Source data
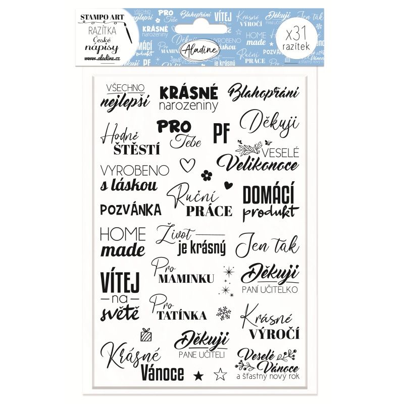 Naše autorská sada razítek z řady Stampo Art s motivy českých nápisů na přání, visačky, jmenovky, dárečky a další projekty. Ideální na narozeniny, svátky, Vánoce, Den matek či otců, jako poděkování kantorům i k označení vlastnoručních výrobků. Hodí se na papír, textil nebo modelovacích hmot.
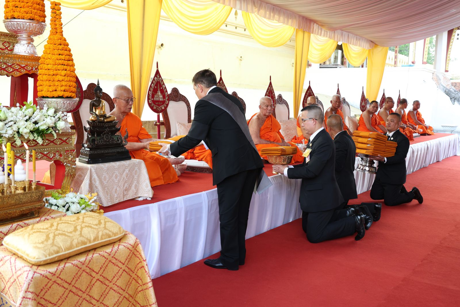 เสร็จแล้ว ทรงประเคนจตุปัจจัยไทยธรรม แด่พระมหาเถระลาว ทรงหลั่งทักษิโณทก ทรงลาพระมหาเถระลาว แล้วทรงกราบที่หน้าเครื่องนมัสการ ในการนี้ พระอาจารย์ใหญ่มะหาเหวด มะเสไน ถวายพระพุทธรูปองค์ตื้อ จำนวน 1 องค์ แด่พระบาทสมเด็จพระเจ้าอยู่หัว จากนั้น ทรงลงพระปรมาภิไธย และพระนามาภิไธย ไว้เป็นที่ระลึก สมควรแก่เวลาจึงเสด็จพระราชดำเนินออกจากพลับพลาที่ประทับ ไปประทับรถยนต์พระที่นั่ง เสด็จพระราชดำเนินไปยังท่าอากาศยานนานาชาติวัดไต นครหลวงเวียงจันทน์ ณ ที่นั้น นายสะเหลิมไซ กมมะลิด รองนายกรัฐมนตรี นางอาลุนี กมมะลิด ภริยารองนายกรัฐมนตรี สาธารณรัฐประชาธิปไตยประชาชนลาว นางครองขนิษฐ รักษ์เจริญ เอกอัครราชทูต ณ เวียงจันทน์ ผู้ช่วยทูตฝ่ายทหารบกและภริยา ผู้ช่วยทูตฝ่ายทหารอากาศและภริยา รวมทั้งข้าราชการฝ่ายลาว และฝ่ายไทย เฝ้าทูลละอองธุลีพระบาทส่งเสด็จ
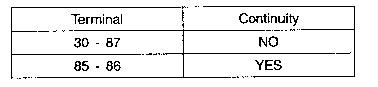 Check for continuity between terminals 30 and 87.

Task goal
Except for the pictures, return every line of the material exactly.

Exercise solution
 Naše autorská sada razítek z řady Stampo Art s motivy českých nápisů na přání, visačky, jmenovky, dárečky a další projekty. Ideální na narozeniny, svátky, Vánoce, Den matek či otců, jako poděkování kantorům i k označení vlastnoručních výrobků. Hodí se na papír, textil nebo modelovacích hmot.
 เสร็จแล้ว ทรงประเคนจตุปัจจัยไทยธรรม แด่พระมหาเถระลาว ทรงหลั่งทักษิโณทก ทรงลาพระมหาเถระลาว แล้วทรงกราบที่หน้าเครื่องนมัสการ ในการนี้ พระอาจารย์ใหญ่มะหาเหวด มะเสไน ถวายพระพุทธรูปองค์ตื้อ จำนวน 1 องค์ แด่พระบาทสมเด็จพระเจ้าอยู่หัว จากนั้น ทรงลงพระปรมาภิไธย และพระนามาภิไธย ไว้เป็นที่ระลึก สมควรแก่เวลาจึงเสด็จพระราชดำเนินออกจากพลับพลาที่ประทับ ไปประทับรถยนต์พระที่นั่ง เสด็จพระราชดำเนินไปยังท่าอากาศยานนานาชาติวัดไต นครหลวงเวียงจันทน์ ณ ที่นั้น นายสะเหลิมไซ กมมะลิด รองนายกรัฐมนตรี นางอาลุนี กมมะลิด ภริยารองนายกรัฐมนตรี สาธารณรัฐประชาธิปไตยประชาชนลาว นางครองขนิษฐ รักษ์เจริญ เอกอัครราชทูต ณ เวียงจันทน์ ผู้ช่วยทูตฝ่ายทหารบกและภริยา ผู้ช่วยทูตฝ่ายทหารอากาศและภริยา รวมทั้งข้าราชการฝ่ายลาว และฝ่ายไทย เฝ้าทูลละอองธุลีพระบาทส่งเสด็จ
 Check for continuity between terminals 30 and 87.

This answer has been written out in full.